I’m probably not supposed to do this, as I took the security marketer’s oath to get my first VP Marketing gig. But I’m going to pull the curtain back on some of the wacky stuff vendors do to sell their product/services. Today’s specific tactic is what I’ll dub retro buffoonery, which is when a vendor looks back in time, and states that they could have stopped attack X, Y and Z – if only their products were deployed before the attack.

Time machine + t-shirt = retro buffoon

You see this stuff all the time. Whether it was TJX, Heartland, ZeuS, or now the APT, vendor after vendor builds a marketing program saying they could have stopped or detected the attack. They build very specific timelines and show how their product theoretically defended customers. Note I said ‘theoretically’, because I’ve yet to see a case where a vendor had an actual customer to say “I didn’t get hosed by [Attack X] because I was using [Product Y].”

To illustrate my point, let’s take a look at McAfee’s recent post-mortem on Operation Aurora. Now I’m singling out McAfee here, but there is nothing personal. Every vendor does it. I’ve done it probably a hundred times. If you work for a vendor, you’ve done it too. Rees Johnson, the blogger, did his job and pieced together a somewhat plausible story about how a combination of McAfee products could have been assembled to defend against the Aurora attack.

Basically, if you had all your traffic going through a SSL proxy, had reputation working on every single gateway seeing network traffic, had whitelisting on every single device running code, and a huge research arm that could tell you there was something going on – then you could have detected the attack. Yeah, that doesn’t sound like either an economically feasible or realistic user experience situation – but let’s not split hairs here. And we know plenty of folks were running McAfee, but they don’t seem to have any success stories of actual Aurora detection ahead of the fact to share.

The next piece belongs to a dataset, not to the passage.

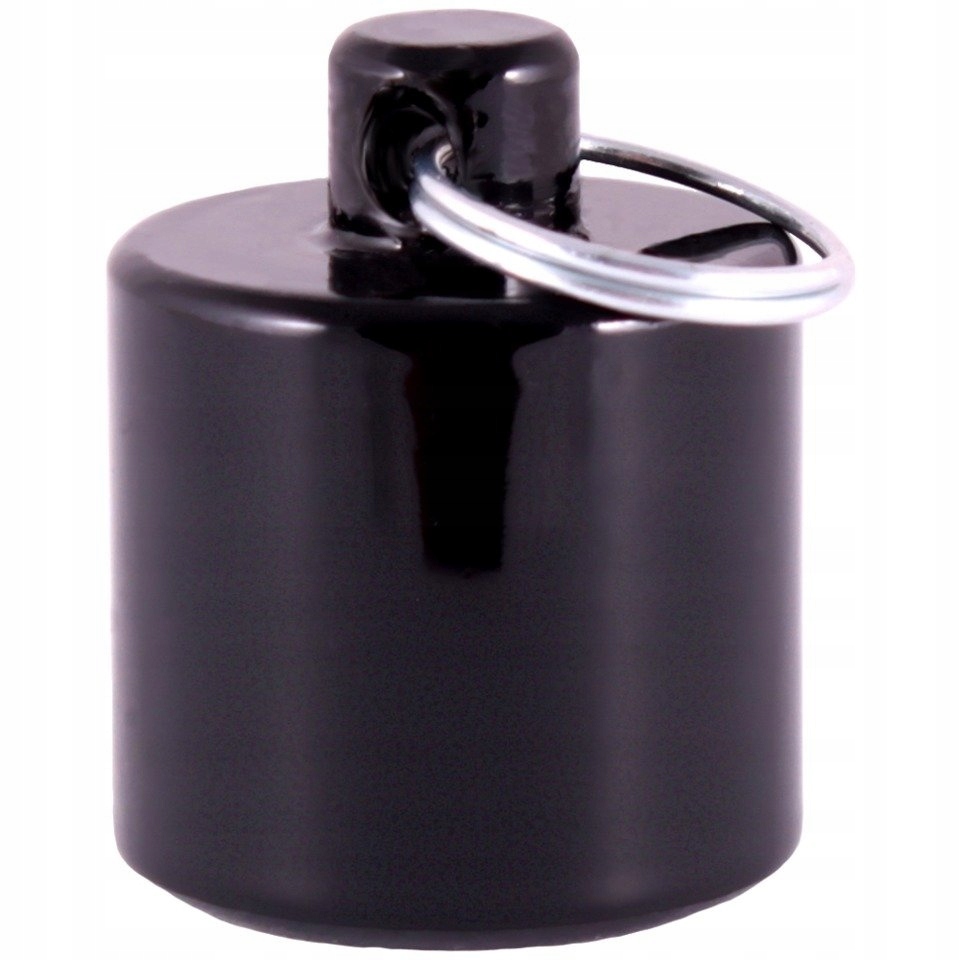 Metalowy ciężarek o wadze 100g wykonany ze stali, polakierowany na czarno z zainstalowanym metalowym kółkiem do zawieszania.

Now to be clear, retro buffoonery tells a good marketing story and allows sales people to make a compelling case to customers for a company’s technology. Even better, by referencing a real attack, it can create enough customer urgency to get a check written. Which is good because security sales reps have those monthly BMW payments to make.

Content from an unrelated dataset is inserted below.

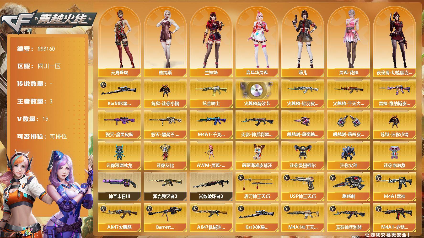 [17526653]四川一区-18V-3王者武器数-1炫金武器数 【人偶武器】:炼狱-迷你小钢,迷你泡泡象,AWM-灵狐-15周年嘉年华,迷你深渊冰龙,萌萌海滩皮球汪,迷你曼提柯尔,迷你火种,迷你艾比 【音效卡】:AK47-火麒麟音效卡 【皮肤】:雷神-维纳斯皮肤,火麒麟-轻羽皮肤,火麒麟-平天大圣,毁灭-魔灵皮肤,毁灭-黑曼巴 皮肤,M4A1-千变-孔明皮肤,无影-神兵利器 皮肤,麒麟刺-甜蜜糖果 皮肤,麒麟刺-萌杀皮肤 【挑战大师】:激光毁灭者III,试炼破坏者III,神圣爆裂者-末日III 【传说角色】:传说艾莉莎 【道具】:BS战队炫彩背包,云山科技背包,次元之矛-背包,虎牙炫彩背包,女皇终结者-魔龙之吻,救世主-黑桃战神,绿色巨人,灵魂忍者,迷雾幽灵,夺命之镰,防化服*3,金色流光-枪王排位*2,星辰流光-枪王排位,枪王排位28赛季金色流光,炽雪表情,动感闪耀表情,防弹头盔*3,防弹衣*3,C4工具钳*3,手雷包*3 【源级武器】:源·雷神,魂·雷神-神秘按键,魂·雷神-15周年嘉年华,魂·黑骑士-幻能朋克,魂·黑骑士-破浪10年,源·机械迷城,魂·龙血-锋芒破茧,M4A1-青龙-掌上穿越火线,源-金色蔷薇,源·玫瑰精灵,魂·英雄-湾区光枢,Barrett-极光-掌火,魂·毁灭-青帝,魂·毁灭-神秘黑洞*2,灵·Barrett-朱雀-炫光,加特林-炼狱-掌火,魂·修罗-15周年嘉年华,魂·修罗-迷彩,灵·天神-穹宇,魂·屠龙-惊鸿,灵·麒麟刺-穹宇 【英雄级武器】:AK47-火麒麟,M4A1-雷神,AK47-机械迷城,M4A1-神工天巧,无影-神兵利器,王者之势-觉醒版,QBZ-03-王者蔷薇-觉醒版,白虎之魄-觉醒版,机械迷城-穹宇,Barrett-毁灭,Kar98K-星神,USP-神工天巧,麒麟刺,唐刀-神工天巧,高爆手雷-神工天巧,闪光弹-神工天巧,烟雾弹-神工天巧,M4A1-赤狱骑士 【王者炫金武器】:炫金骑士 【热门武器】:Kar98K-星神,炼狱-迷你小钢 【角色】:云海玲珑,暗夜-X,暗夜审判,初恋灵狐,嘉年华灵狐,兰妹妹,灵狐-花神,灵狐者-X,龙儿-小淘气,曼陀罗-礼服,萌儿,潘多拉-甜心教官,斯沃特-X,铁骑荣耀,兔囡囡,维纳斯,雪莉杨-摸金校尉,夜玫瑰-幻能朋克,樱-战斗天使 【特殊枪械】:

But please understand, this Tuesday Morning Quarterback exercise will not help you protect your environment any better for the next attack.

In the 20 years I’ve been in this business, we have proven to be lousy at predicting the future. How many of you predicted that a 0-day attack against IE6 on XP would constitute 30+ huge and successful attacks over the past 3 months? Probably the same folks who predicted SQL Slammer, TJX-style wireless POS attacks, and Heartland-style network sniffers. Even better, there are always multiple vendors telling stories about how different classes of products stop these attacks. Yet the attacks still happen, so it always gets back to the same thing – in hindsight, you’re sure you could’ve caught the attack. In reality, not so much.

Vendors hope we’ll forget that it’s more than just a signature or a product that actually protects us against these attacks. We also must remember process and people complete the picture. Maybe if you backed up the truck and implemented everything McAfee has to sell you, you could have stopped Aurora. But probably not, because most companies have at least one unsuspecting employee who would have clicked on the wrong thing from the wrong place, and given the attacker a foothold on your network. And remember what persistent means. These folks are targeting you, so they’ll find a way in, regardless of how many cents per share you contribute to the bottom line of your favorite security vendor.

So sorry, Mr. Retro Buffoonery Tuesday Morning Quarterback Always Completing the Pass Because It’s Easy to See in the Rear View Mirror, I don’t buy it. There are too many other things that go wrong to believe a wacky marketing claim that any set of products would stop a determined, well-funded attacker specifically targeting your organization.